1School of Chinese Pharmaceutical Sciences and Chinese Medicine Resources, China Medical University, Taichung 404, Taiwan
2Department of Medical Laboratory Science and Biotechnology, China Medical University, Taichung 404, Taiwan
3School of Pharmacy, China Medical University, Taichung 404, Taiwan
4Fujian Center for Disease Control and Prevention, Fujian, Fuzhou 350001, China
5Department of Nursing, Hungkuang University, Taichung 433, Taiwan
6Department of Biotechnology and Laboratory Science in Medicine, National Yang Ming University, Taipei 112, Taiwan
7Department of Biotechnology, Asia University, Wufeng, Taichung 413, Taiwan

Received 4 January 2012; Revised 5 March 2012; Accepted 12 March 2012

Academic Editor: Xiu-Min Li

Copyright © 2012 Ching-Ying Wang et al. This is an open access article distributed under the Creative Commons Attribution License, which permits unrestricted use, distribution, and reproduction in any medium, provided the original work is properly cited.

Supplementary Material

Supplemental Figure 1: Reduction of cytopathic effects by K. gracilis leaf extract. The morphology of RD cells infected with EV71 (A) or CVA16 (B) were observed for the effect of K. gracilis leaf extract in CPE reduction assay. EV71 and CVA16 at the MOI of 1 was each mixed with K. gracilis leaf extract, and then added into RD cell cultures. Incubated RD cells were observed and photographed under microscopy 24- and 48-h post infection.

Supplemental Figure 2: Phosphorylation of p38 MAPK, ERK1/2 and NF-κB p65 in infected RD cells with or without the treatment of K. gracilis leaf extract. RD cells were infected with EV71 (A) or CVA16 (B) and simultaneously treated with K. racilis leaf extract at a concentration of 50 μg/ml.
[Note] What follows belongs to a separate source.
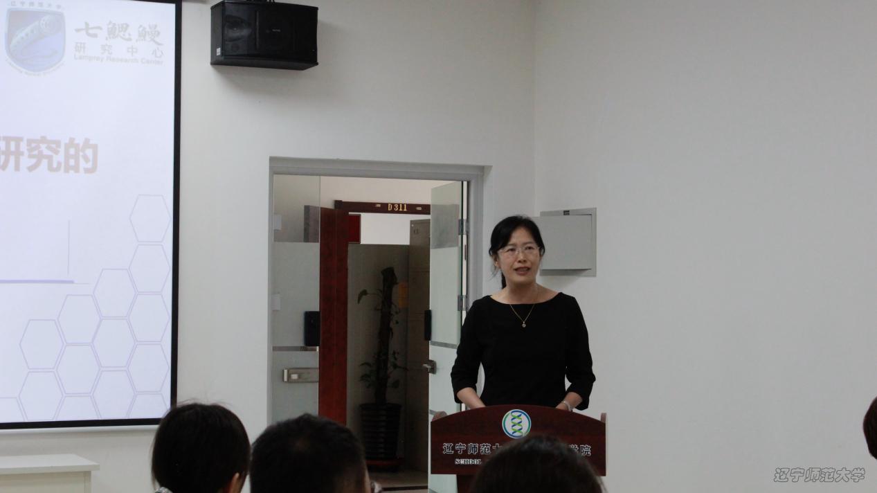 会上,李铁松副院长代表学院对大连市高中生物学名师工作室全体成员到访欧冠官网表示热烈欢迎。之后,她介绍了欧冠官网本科教学的基本情况和课程思政建设情况,希望未来能与大连市高中生物学名师工作室进一步开展深入交流与合作,发挥优势互补,促进生物学课程思政一体化,共同促进师范生职前职后教育发展,提高人才培养质量。随后,七鳃鳗研究中心方向带头人逄越教授以“七鳃鳗——适应性进化与医学研究的模式动物”为主题进行生命科学研究前沿知识讲座。最后,由辽宁教育学院高中生物学教研员张岩老师进行题为“高中生物学思政要素”的专题讲座。
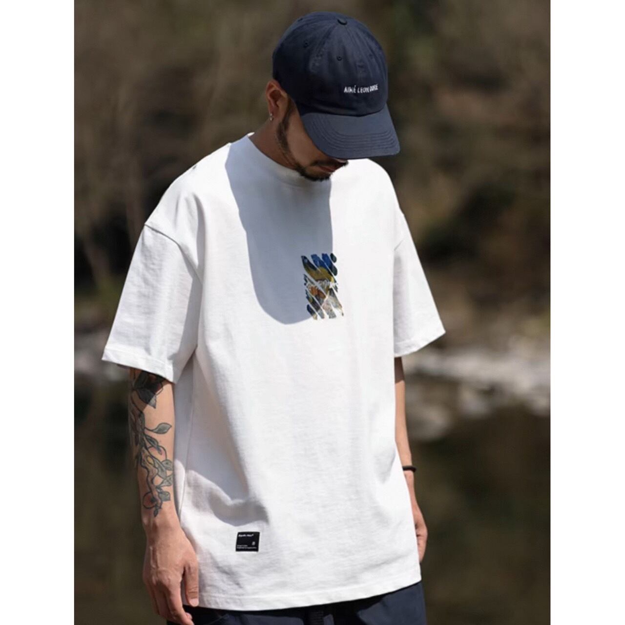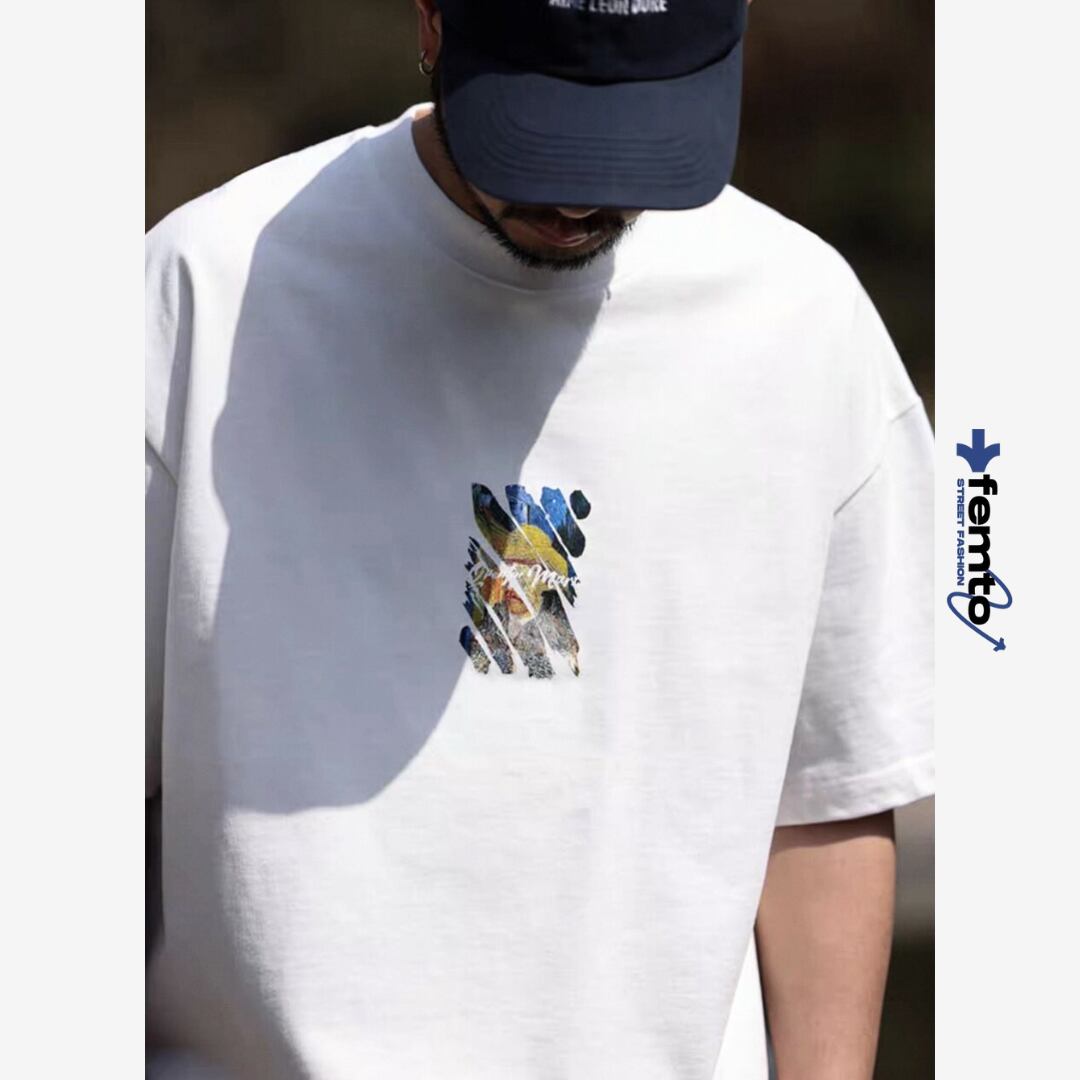 フロントにさりげなく配置されたアートグラフィックが、洗練された雰囲気を演出するTシャツ。

The cells were harvested at 0-, 30-, 60- and 240 min post infection, and Western blotting analysis was performed as described in the Materials and Methods section.

Supplemental Figure 3: Western blotting of caspase 9 in EV71-infected RD cells with or without the treatment of K. gracilis leaf extract. RD cells were infected with EV71 at a MOI of 1 in the absence (Lane 1) and presence of K. racilis leaf extract at concentrations of 10, 50 and 100 μg/ml (Lanes 2-4). The cells were harvested 1 day post infection, and Western blotting analysis was performed as described in the Materials and Methods section.

Supplemental Table 1: Virus loads in pooled intestines from EV71-inoculated suckling mice with or without treatment of K. gracilis leaf extract.